Interview Beth Schultz Editor AllAnalytics.com

Here is an interview with Beth Scultz Editor in Chief, AllAnalytics.com .

Allanalytics.com http://www.allanalytics.com/ is the new online community on Predictive Analytics, and its a bit different in emphasizing quality more than just quantity. Beth is veteran in tech journalism and communities.

Ajay-Describe your journey in technology journalism and communication. What are the other online communities that you have been involved with?

Beth- I’m a longtime IT journalist, having begun my career covering the telecommunications industry at the brink of AT&T’s divestiture — many eons ago. Over the years, I’ve covered the rise of internal corporate networking; the advent of the Internet and creation of the Web for business purposes; the evolution of Web technology for use in building intranets, extranets, and e-commerce sites; the move toward a highly dynamic next-generation IT infrastructure that we now call cloud computing; and development of myriad enterprise applications, including business intelligence and the analytics surrounding them. I have been involved in developing online B2B communities primarily around next-generation enterprise IT infrastructure and applications. In addition, Shawn Hessinger, our community editor, has been involved in myriad Web sites aimed at creating community for small business owners.

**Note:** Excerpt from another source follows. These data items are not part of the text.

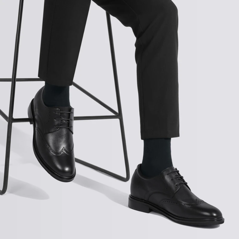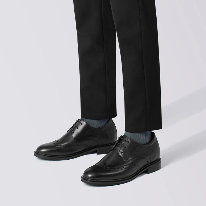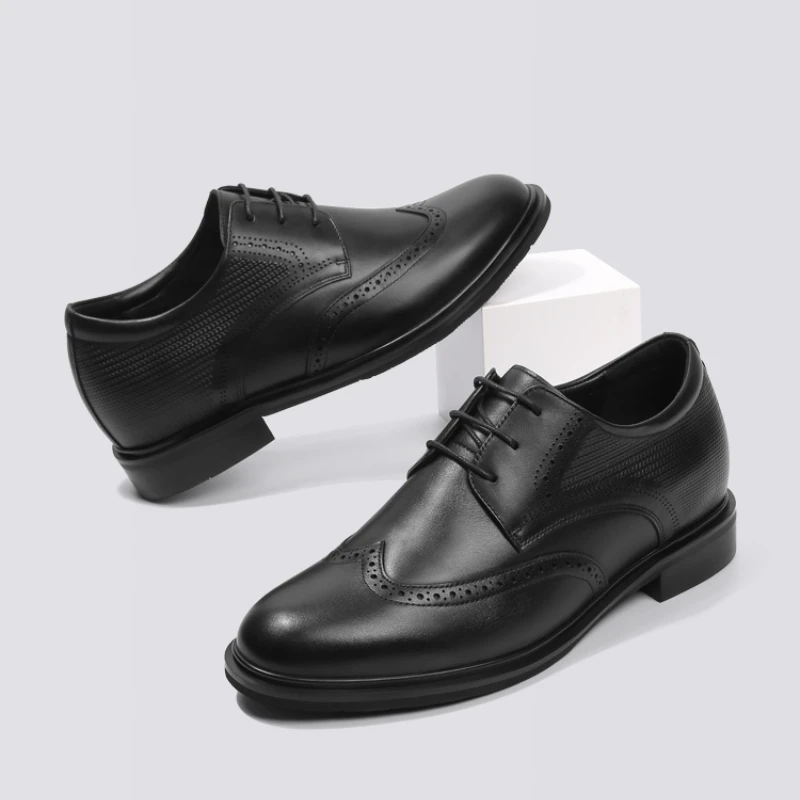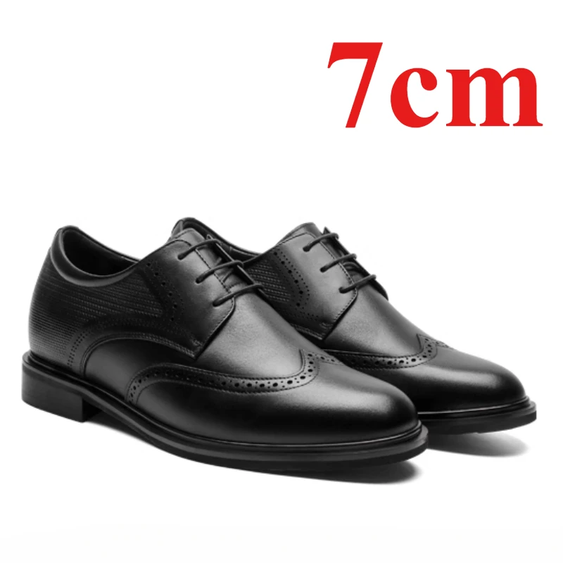 • Height-increasing Derby Shoes Men’s Dress Shoes Invisible Increased 7cm Genuine Leather Business Elevated Carved Leather Shoes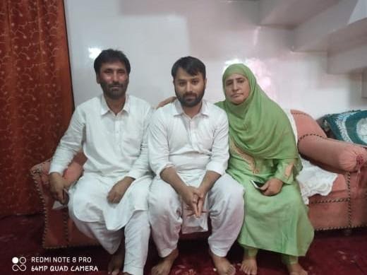 Asif Yousuf Tantray with his parents. Photo: Special arrangement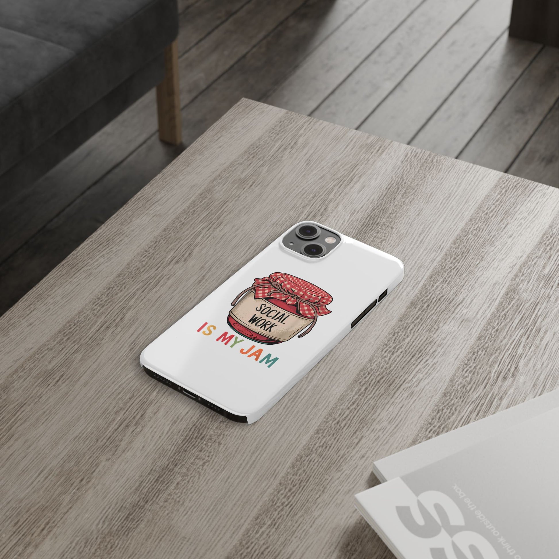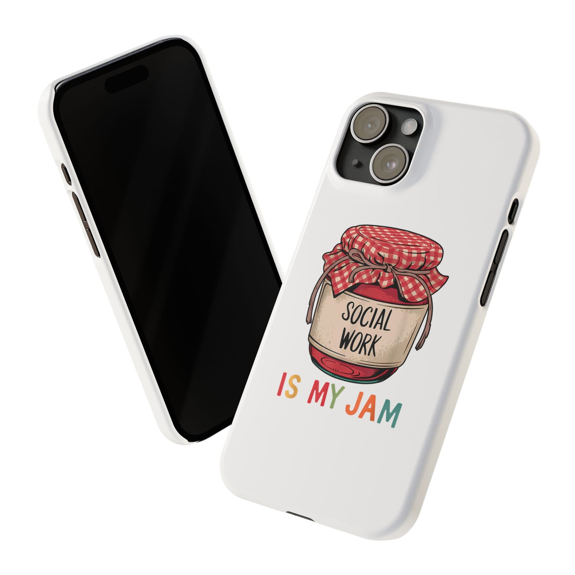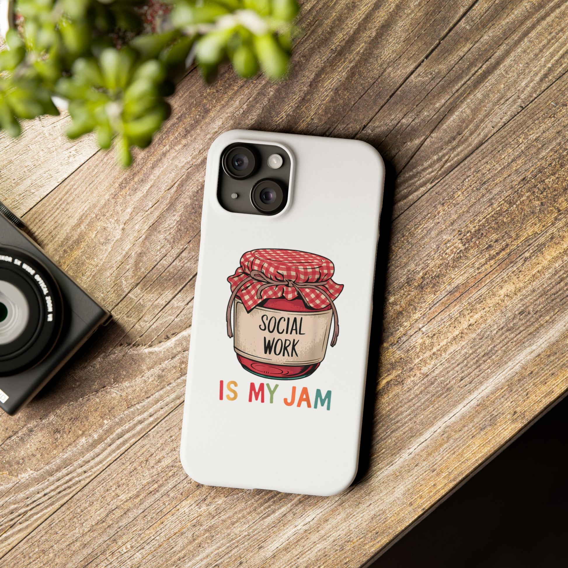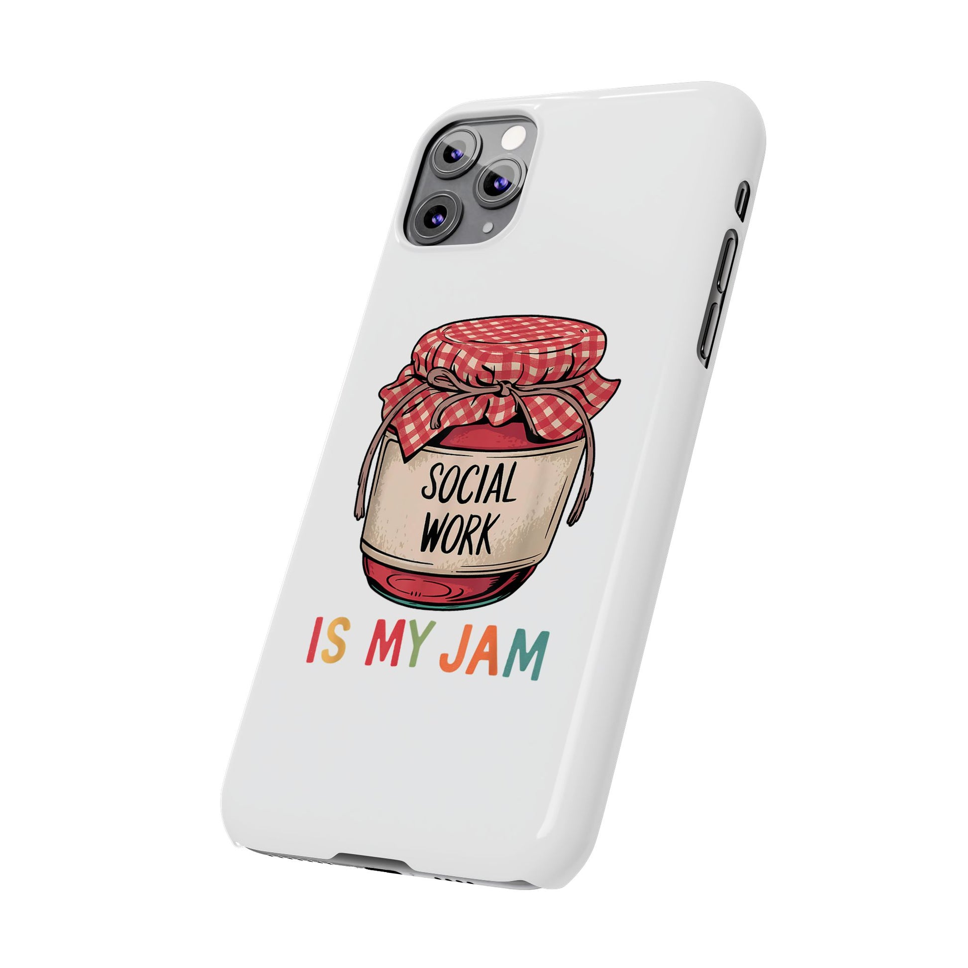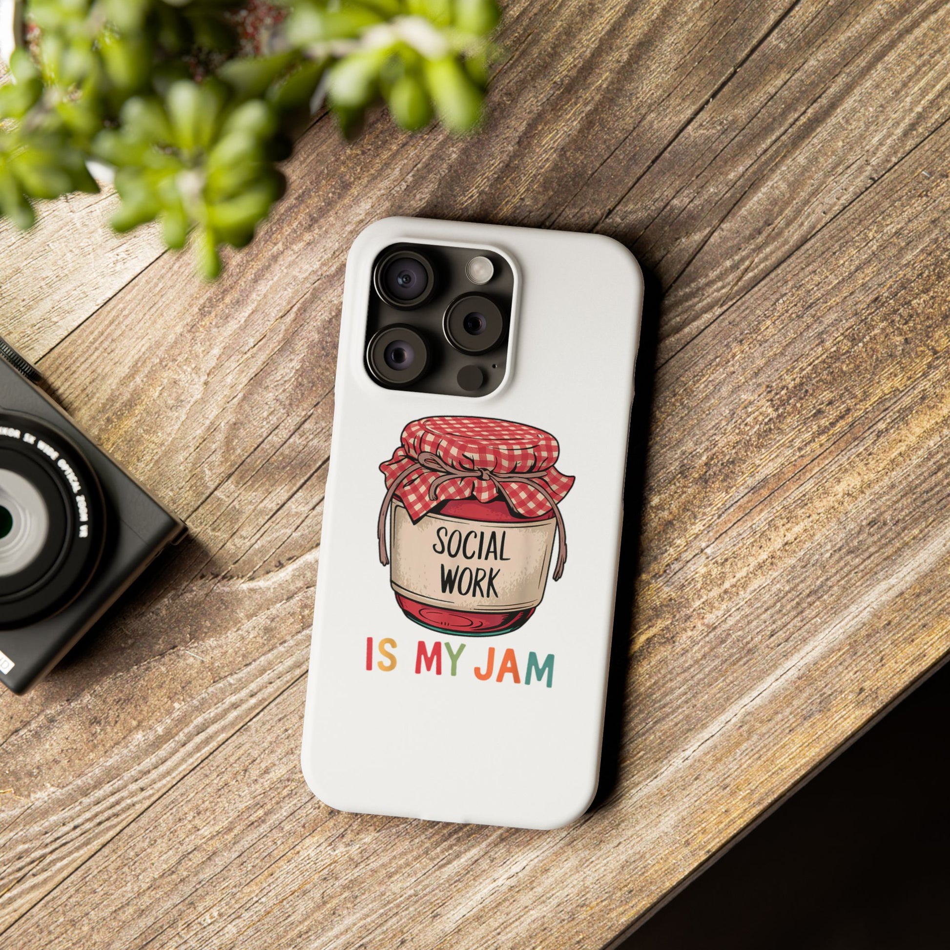 Slim Phone Case — "Social Work Is My Jam" Cute Jar Design for Social Workers

 Ajay- Technology geeks get all the money while journalists get a story. Comments please

Beth- Great technology geeks — those being the ones with technology smarts as well as business savvy — do stand to make a lot of money. And some pursue that to all ends (with many entrepreneurs gunning for the acquisition) while others more or less fall into it. Few journalists, at least few tech journalists, have big dollars in mind. The gratification for journalists comes in being able to meet these folks, hear and deliver their stories — as appropriate — and help explain what makes this particular technology geek developing this certain type of product or service worth paying attention to.

 Ajay- Describe what you are trying to achieve with the All Analytics community and how it seeks to differentiate itself with other players in this space.

 Beth- With AllAnaltyics.com, we’re concentrating on creating the go-to site for CXOs, IT professionals, line-of-business managers, and other professionals to share best practices, concrete experiences, and research about data analytics, business intelligence, information optimization, and risk management, among many other topics. We differentiate ourself by featuring excellent editorial content from a top-notch group of bloggers, access to industry experts through weekly chats, ongoing lively and engaging message board discussions, and biweekly debates.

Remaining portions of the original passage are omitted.